2.2.1. Германия, Европа и «Закат Европы»
В критической прозе Мандельштама 1921–1923 годов происходит интенсивное переосмысление опыта русской поэзии последних двадцати лет и ставятся новые поэтические задачи, связанные с коренным изменением культурно-политической ситуации в России и в Европе. Так, согласно статье «Пшеница человеческая», «остановка политической жизни Европы как самостоятельного, катастрофического процесса, завершившегося империалистической войной, совпала с прекращением органического роста национальных идей» (II, 250). Мандельштам выдвигает утопический проект нового европейского сознания; при этом старые «символистские» формулы «вселенского единства» соседствуют у него с идеалами «всемирного интернационала». Европа должна обрести себя «как целое», ощутить себя «нравственной личностью»: «Выход из национального распада… к вселенскому единству, к интернационалу лежит… через возрождение европейского сознания, через восстановление европеизма как нашей большой народности» (II, 250).

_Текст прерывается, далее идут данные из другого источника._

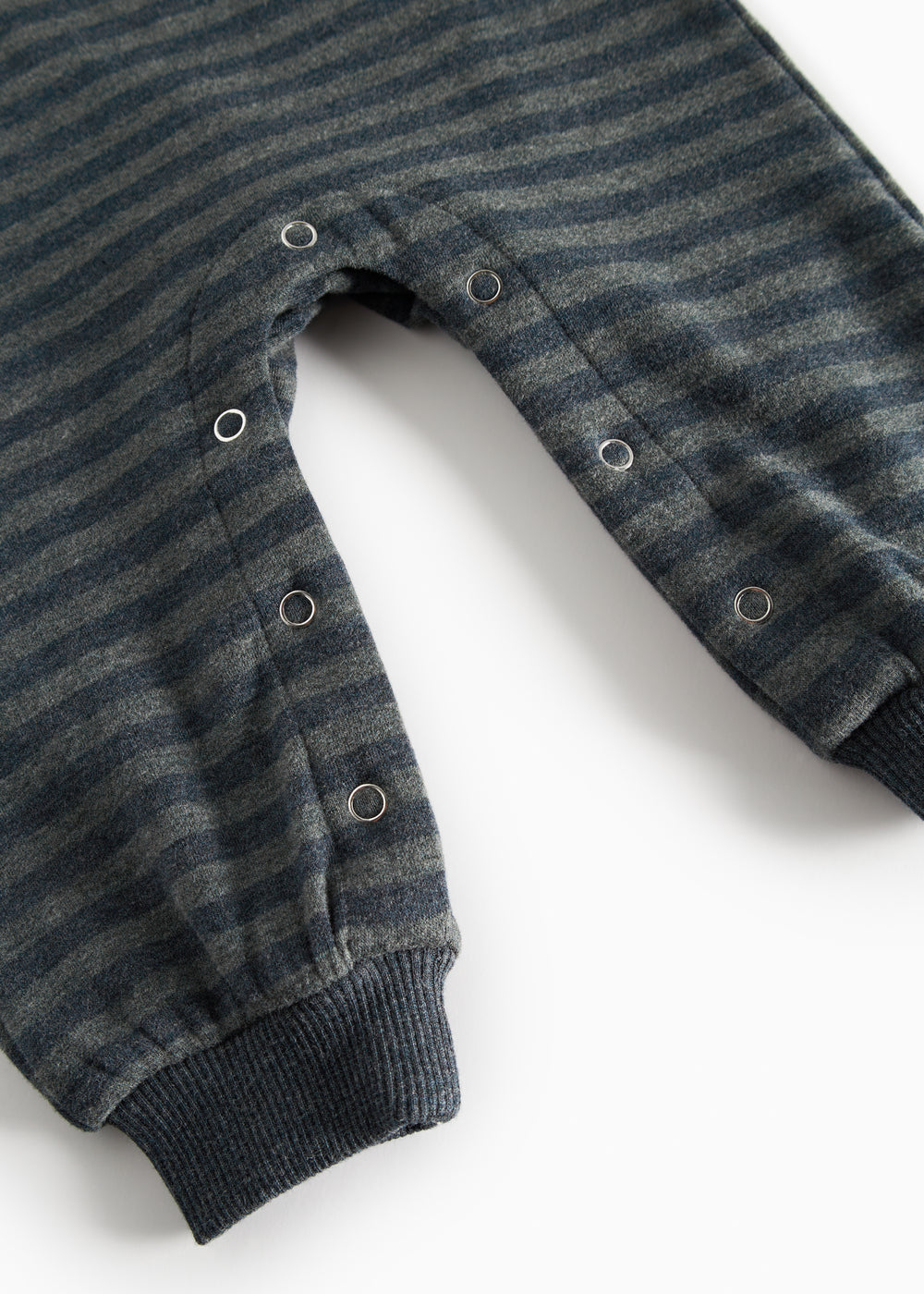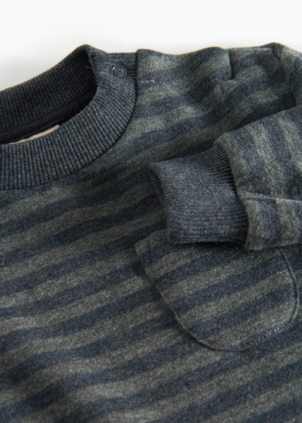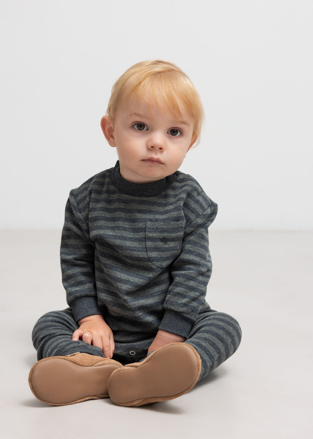 Soft long-sleeved jumpsuit with ribbed neck, sleeves and legs. The jumpsuit has a small pocket on the left chest and closes with snaps along the legs for easy diaper changes. The jumpsuit is very soft and comfortable to wear.
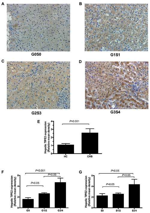 Consistent with the notion that TIPE2 is a negative regulator for immune homeostasis, TIPE2 is a cytoplasmic protein preferentially in lymphoid tissues, especially highly in monocytes and T cells [33-35]. However, human TIPE2 was also expressed in a wide variety of non-hematopoietic cell types, including hepatocytes [35]. In this present study, we demonstrated that TIPE2 protein was mainly distributed in hepatocytes plasma in CHB patients. The expression of human TIPE2 in hepatocyte suggested that TIPE2 may be involved in maintaining immune privilege liking immune negative regulators [35]. We also reported that intrahepatic TIPE2 protein in inflammation G3/4 and fibrosis S3/4 was significantly increased compared to that of inflammation G3/4 and fibrosis S1/2. It could be explained by the fact that inflammation mainly involves in local hepatocytes and TIPE2 might participate in this progression.
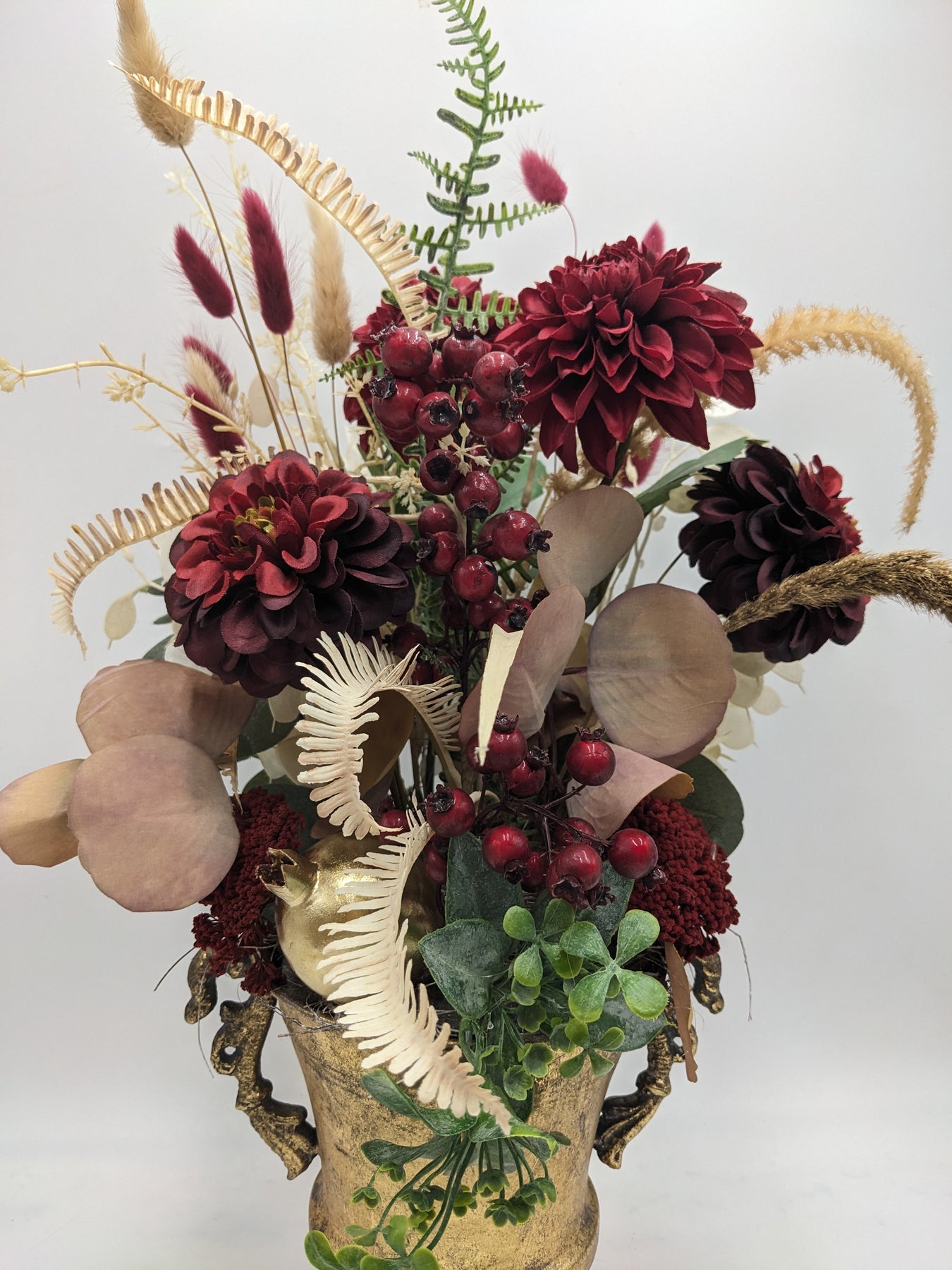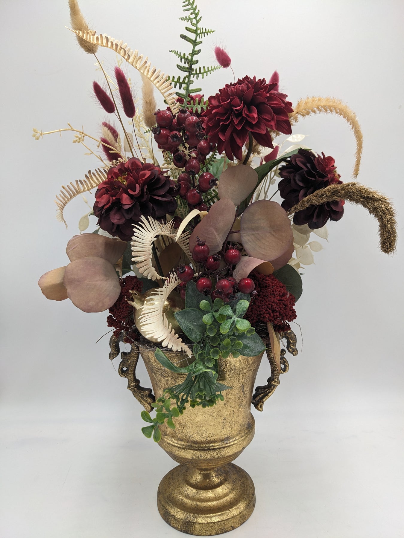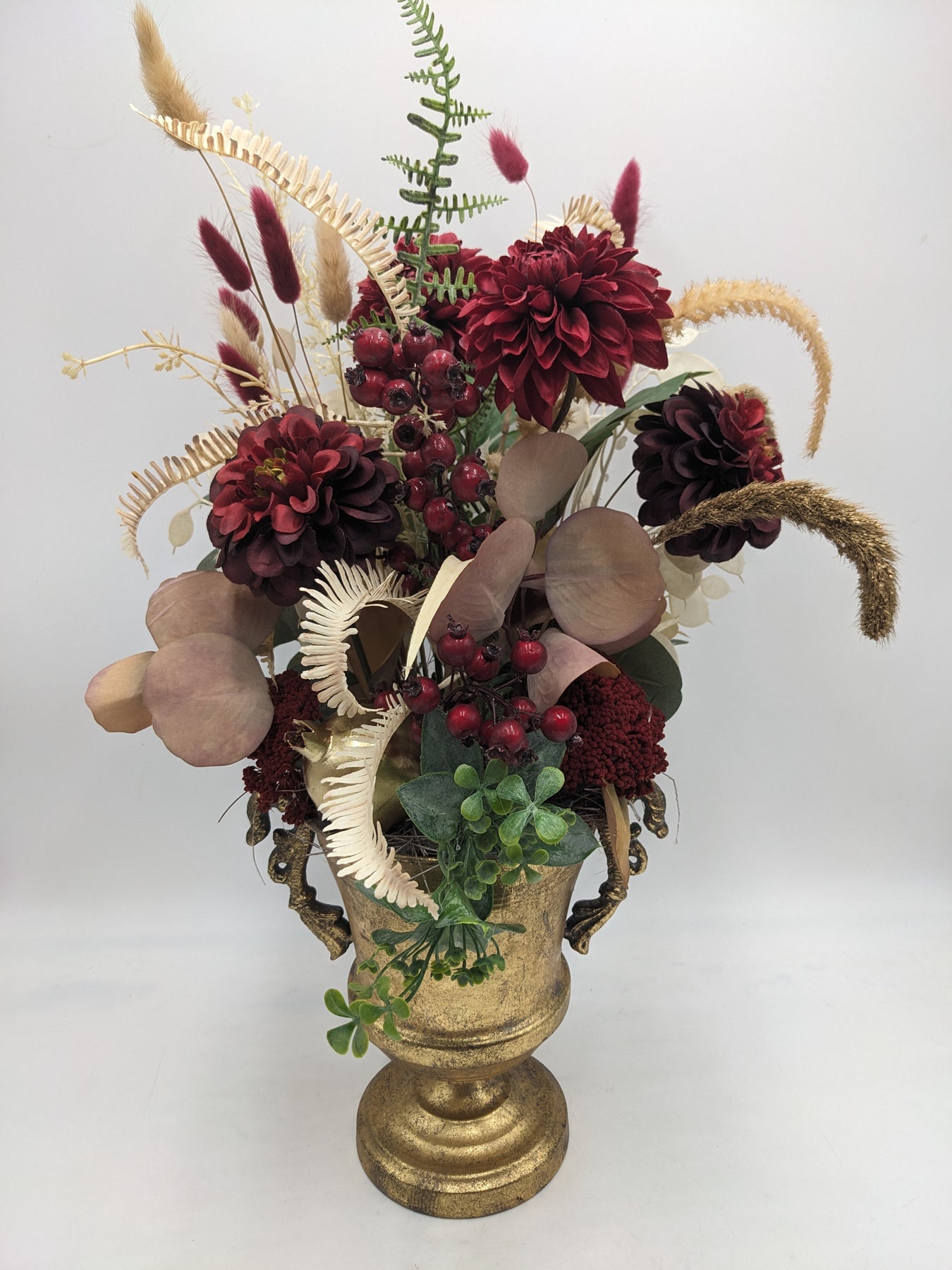 Tischgesteck im Pokal, Granatpafel, Dahlien, Beeren, Farn und Gräser, Farbe: rot, gold, Höhe: ca. 52 cm, Breite: ca. 22 cm, 3520-2025
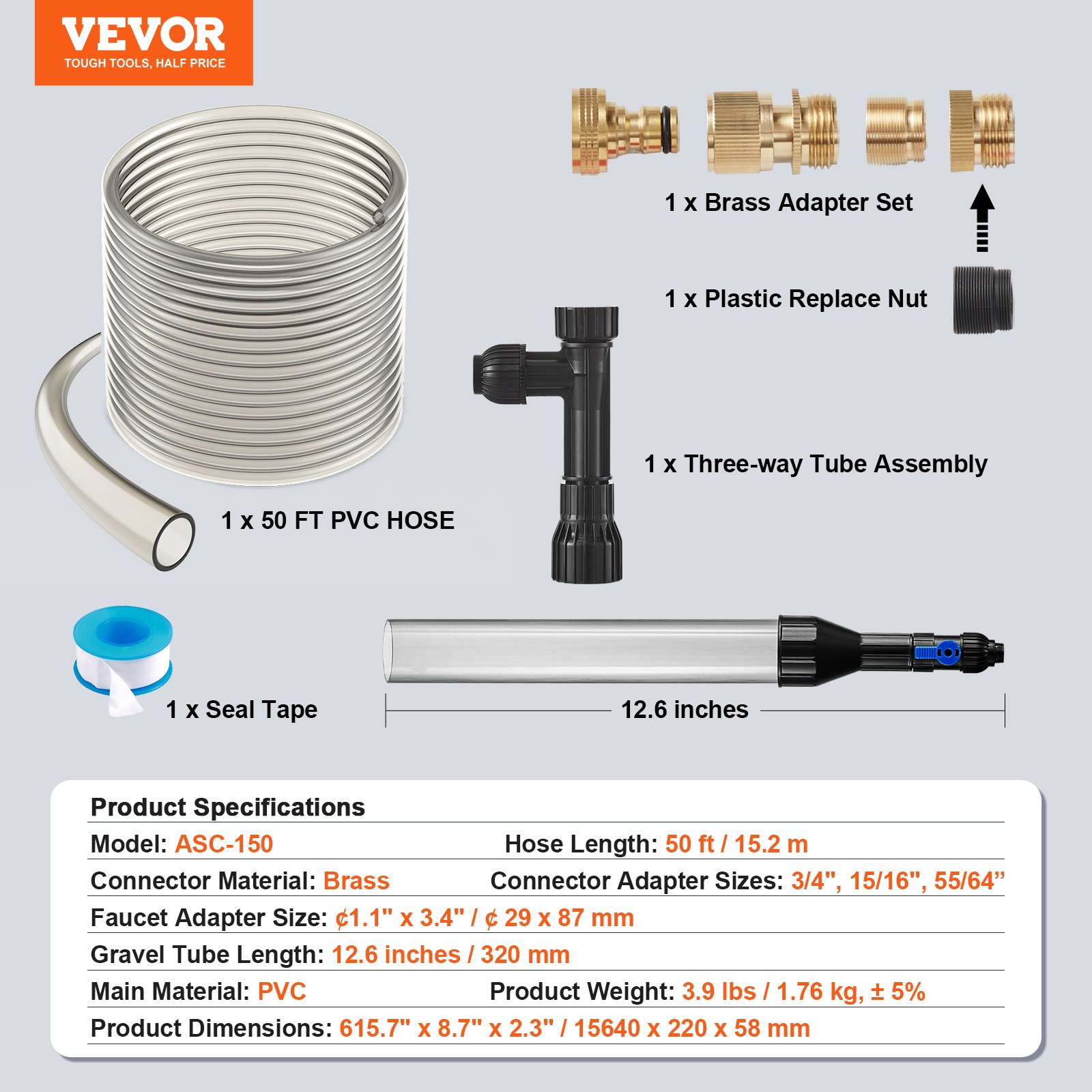 Hose Length: 50 ft / 15.2 m,Connector Material: Brass,Gravel Tube Length: 12.6 inches / 320 mm,Faucet Adapter Size: ¢1.1" x 3.4" / ¢ 29 x 87 mm,Item Model Number: ASC-150,Product Weight: 3.9 lbs / 1.76 kg, ± 5%,Connector Adapter Sizes: 3/4", 15/16", 55/64”,Product Dimensions: 615.7" x 8.7" x 2.3" / 15640 x 220 x 58 mm,Main Material: PVC
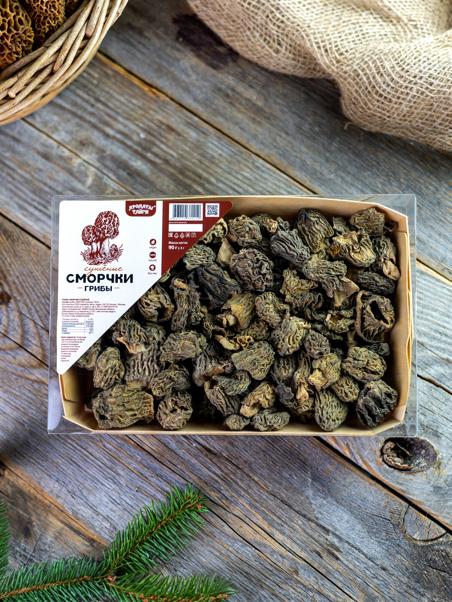 Сморчки сушеные "Ароматы тайги" 90гр, целые, берестяной лоток. интересное:
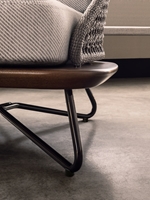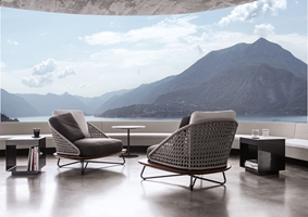 La série Rivera comprend des canapés deux ou trois places, des fauteuils, des poufs, une petite table et un petit fauteuil qui, grâce à des matériaux innovants, proposent une interprétation contemporaine d’une élégance rétro, pleine de suggestions rappelant les atmosphères accueillantes, typiquement méditerranéennes, des vérandas en bord de lac ou des terrasses sur la mer.

Но сами европейские нации «чувство Европы» в себе заглушили, подавили «войнами и гражданскими распрями»: Мандельштам критикует всякий национальный мессионизм и тут же подчеркивает роль России как хранительницы идеи Европы (II, 250–251), неотъемлемой частью которой является немецкая культура, так глубоко воспринятая в России. Примером усвоения европейского (и как его части — немецкого) культурного наследия является для Мандельштама опыт Карамзина, постоянным «проводником» немецкой темы у Мандельштама оказывается Тютчев:
«Альпам посвящены лучшие стихи Тютчева. Совершенно своеобразное, насквозь одухотворенное отношение русского поэта к геологическому буйству альпийского кряжа объясняется именно тем, что здесь буйной геологической катастрофой вздыблена в мощные кряжи своя родная, историческая земля… носившая Канта и Гете» («Пшеница человеческая», II, 251).
Мандельштам сравнивает произошедшие исторические изменения с землетрясениями и геологическими сдвигами[140]: европейские горы — Альпы — у Мандельштама ассоциируются с европейским опытом Карамзина и Тютчева. Интересно в приведенном отрывке не только то, что Тютчев локализуется в альпийском пейзаже (отсыл к альпийским стихам Тютчева), но и то, что в контексте высказывания появляются эпитеты и понятия, так или иначе связанные с семантическим полем немецкого: «буйный» и «буйство», уводящие к «Оде Бетховену» и «Баху», «мощный кряж», заставляющий вспомнить «кряжистого» Лютера.
Гете олицетворяет немецкую поэзию и упомянут здесь не только по ассоциации с его геологическими штудиями. В той же самой статье Мандельштам вспоминает бюргеров из второй сцены «Фауста», рассуждающих о турецких делах: «Землетрясение приятно издалека, когда оно не страшно» (II, 249). Выстраивается «немецкая» ассоциативная цепочка: Альпы — Тютчев — буйство — Гете; причем порядок звеньев этой метонимически устроенной семантической цепочки может варьироваться.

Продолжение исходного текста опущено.